ATHENS – It was only the eighth day of practice, but it looked like it may have been the future of Georgia’s offensive line: freshman Andrew Thomas with the first team. Ditto for redshirt freshmen Solomon Kindley and Ben Cleveland. And freshman like Isaiah Wilson, Netori Johnson and Justin Shaffer shuffling in for reps at various positions.
“There’s a lot of guys moving around,” said Dyshon Sims, the versatile senior who’s been working with all those heralded youngsters – but also trying to compete with them.
Offensive line is the new quarterback, as far as the Bulldogs go this preseason. It’s the spot where the pecking order will be closely watched and analyzed. And the O-line could be handled the same way it was last year: The younger guy with the most long-term potential may win a job, even if he’s not quite the best option right away.
Three starting spots were vacated after last season. Two are basically set: Lamont Gaillard and Isaiah Wynn at left tackle. The other three spots are a source of great interest.
Head coach Kirby Smart, when asked about the upcoming decisions, acknowledged it could be “very similar to Jacob and Greyson last year.” Greyson Lambrt, the fifth-year senior, started the opener but gave way to freshman Jacob Eason the second week.
So this year with the offensive line, you could see a scenario where one of the rookies either starts or plays early over a veteran, with the thinking that experience will make them better.
“It’s a critical decision,” Smart said. “We’ve always said we want to play the guys who give us the best opportunity to win.

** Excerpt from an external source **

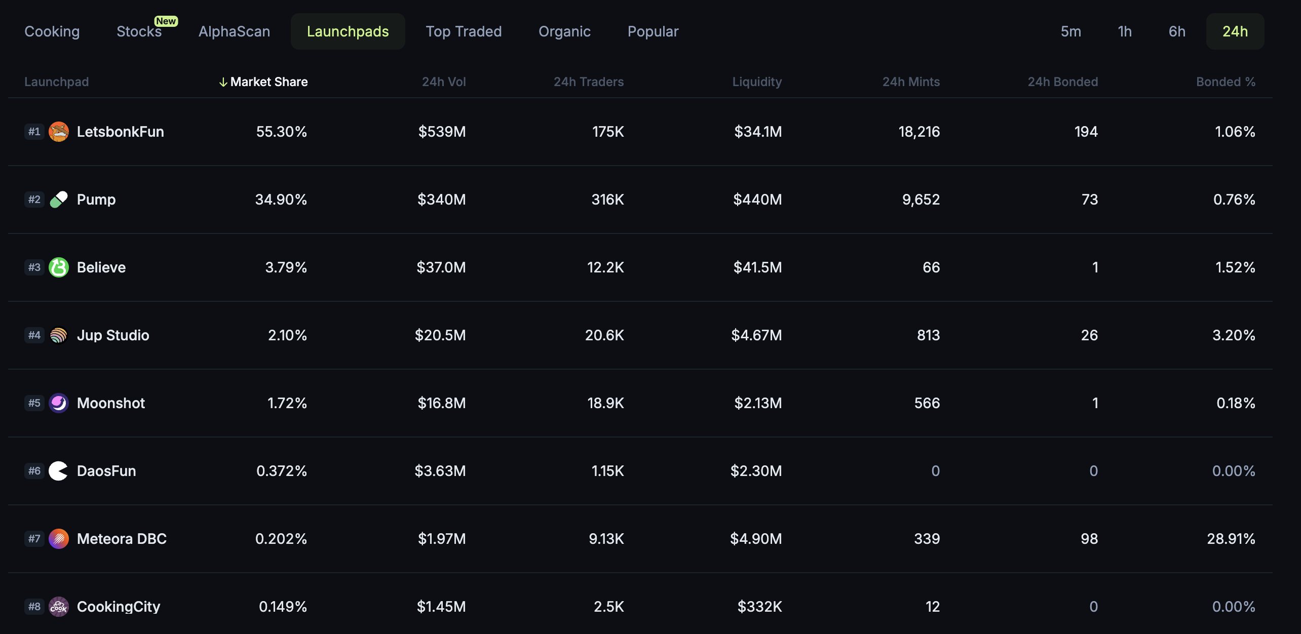 Với hơn 55.30% thị phần và khối lượng giao dịch 24 giờ đạt 539 triệu USD, LetsBonk đang củng cố vị thế của mình trong thị trường tiền điện tử sôi động. Sự đột phá này không chỉ là một chiến thắng về số liệu mà còn phản ánh chiến lược phát triển của nền tảng ra mắt meme coin trong hệ sinh thái Solana.
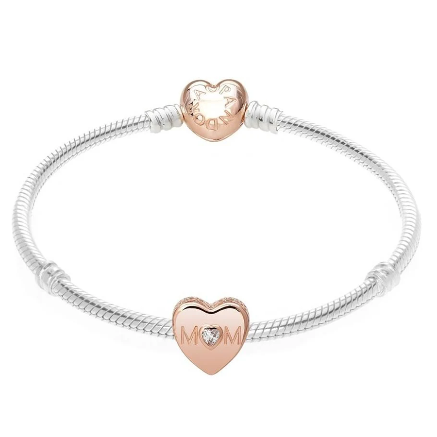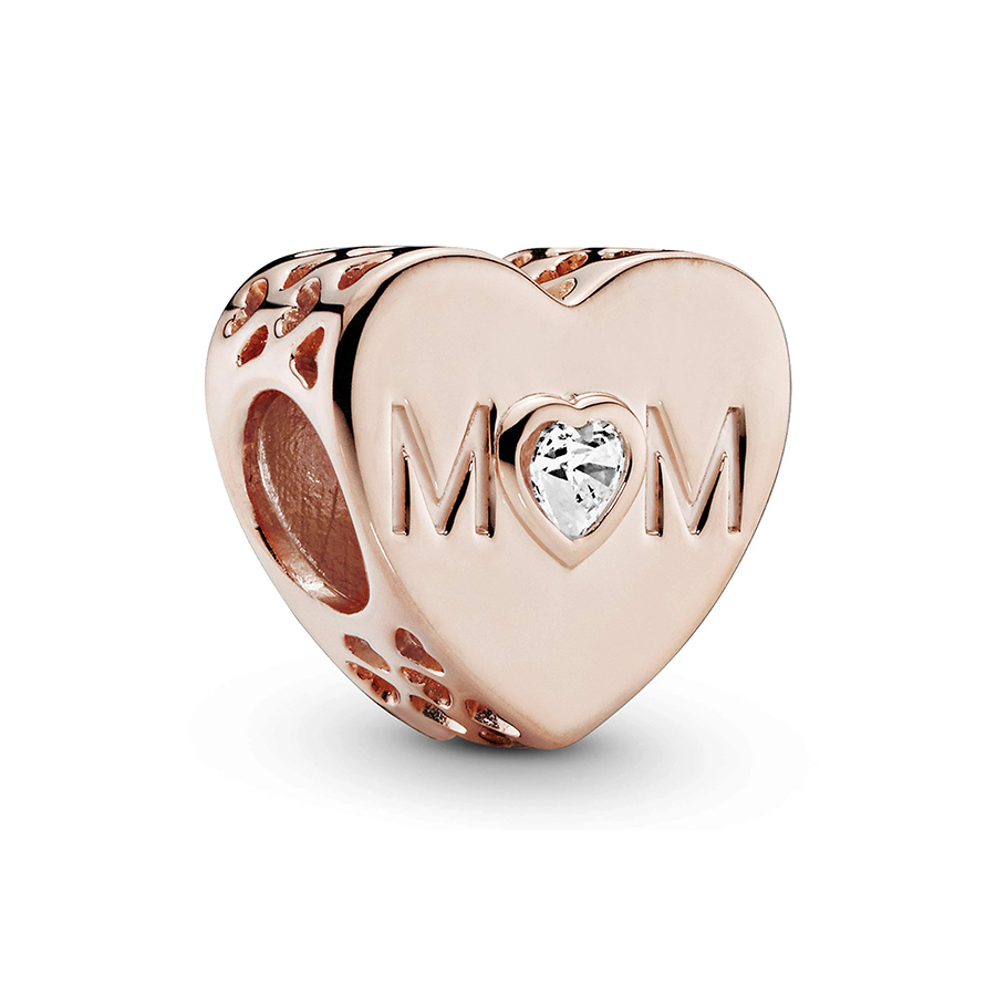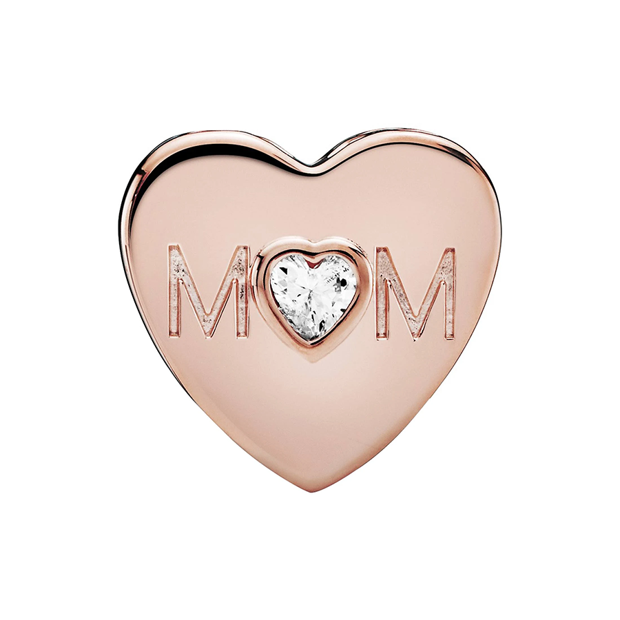 Honor your special connection with mom with this rose gold charm. Fashioned from our distinctive 14k rose gold-plated metal mixture, this charm bears the inscription "Mom" to acknowledge the paramount figure in your life. Enhanced by a heart-cut cubic zirconia stone, this jewel exudes elegance and allure, while its transparent hue ensures effortless coordination with any ensemble.

Well in game one that may not be the same as game 2,3, 4, 5. So when we make those decisions we make them based on own the road, who’s going to be the best guy down the road. That doesn’t mean that that guy might start. …
“Very similar to Jacob and Greyson last year. We’re trying to decide who’s going to be the best guy down the road. It doesn’t mean that guy’s going to start right away. It just means that guy’s going to be ready to play and going to be developed.”
Cleveland, the much-hyped recruit last year, was working first-team at right tackle on Tuesday, with Thomas and Kindley at the guards. The latter wasn’t a surprise – Kindley was first-team coming out of spring – while the Cleveland and Thomas spots were largely the result of Wynn’s absence: He is out with illness right now, so the team is experimenting.
But the fact Thomas was at left guard, after coming in as a highly-regarded tackle prospect, is very intriguing. That could be about this season, but also the future, as he could just slide one spot over to replace Wynn.
“He’s a future left tackle. That’s what we think he is,” Smart said of Thomas. “But we have to play our best players.”
Smart also said that Thomas was “catching up quick,” and has the athletic ability to play multiple positions.
Cleveland, meanwhile, is in the mix at right tackle along with Wilson, the five-star recruit. Cleveland’s seeming ascension would seem like manna from heaven for the fans who constantly ask about him. But Smart cautioned that it could be temporary.
“It says that he’s the right tackle today as of Practice 8. That’s all it says,” Smart said. “He’s got to continue to get better. We expect more from him. We’re searching for a right tackle.”
That could still end up being Sims, who was only at left tackle on Tuesday because of Sims’ absence.
“Dyshon was probably playing better than (Cleveland). But Ben has a lot of potential,” Smart said. “He has a lot of great size. So does Isaiah Wilson. But neither one are playing up to the standards of what we expect right now. So we’ve got to keep growing.”
Georgia’s first scrimmage will be Saturday. The situation could have a bit more clarity after that. Then it should settle a week later after the second scrimmage. Right now it appears the staff wants to find not only a starting five, but a few top backups who will rotate in. It will be about playing the best guys in 2017 – while also getting ready for 2018.
“I like the talent level of all those young kids,” offensive coordinator Jim Chaney said. “I don’t believe there’s a young kid there where we go, Oh my goodness what were we thinking? These are kids that can move, can bend, can twist, and have the stature that we’re looking for. How quick can they learn the technical side and be as quick as we need them to be remains to be seen. But as we sit here after one week I’m very tickled with all those kids and I think they’ll all be competing to be in the depth chart, and being on that bus.”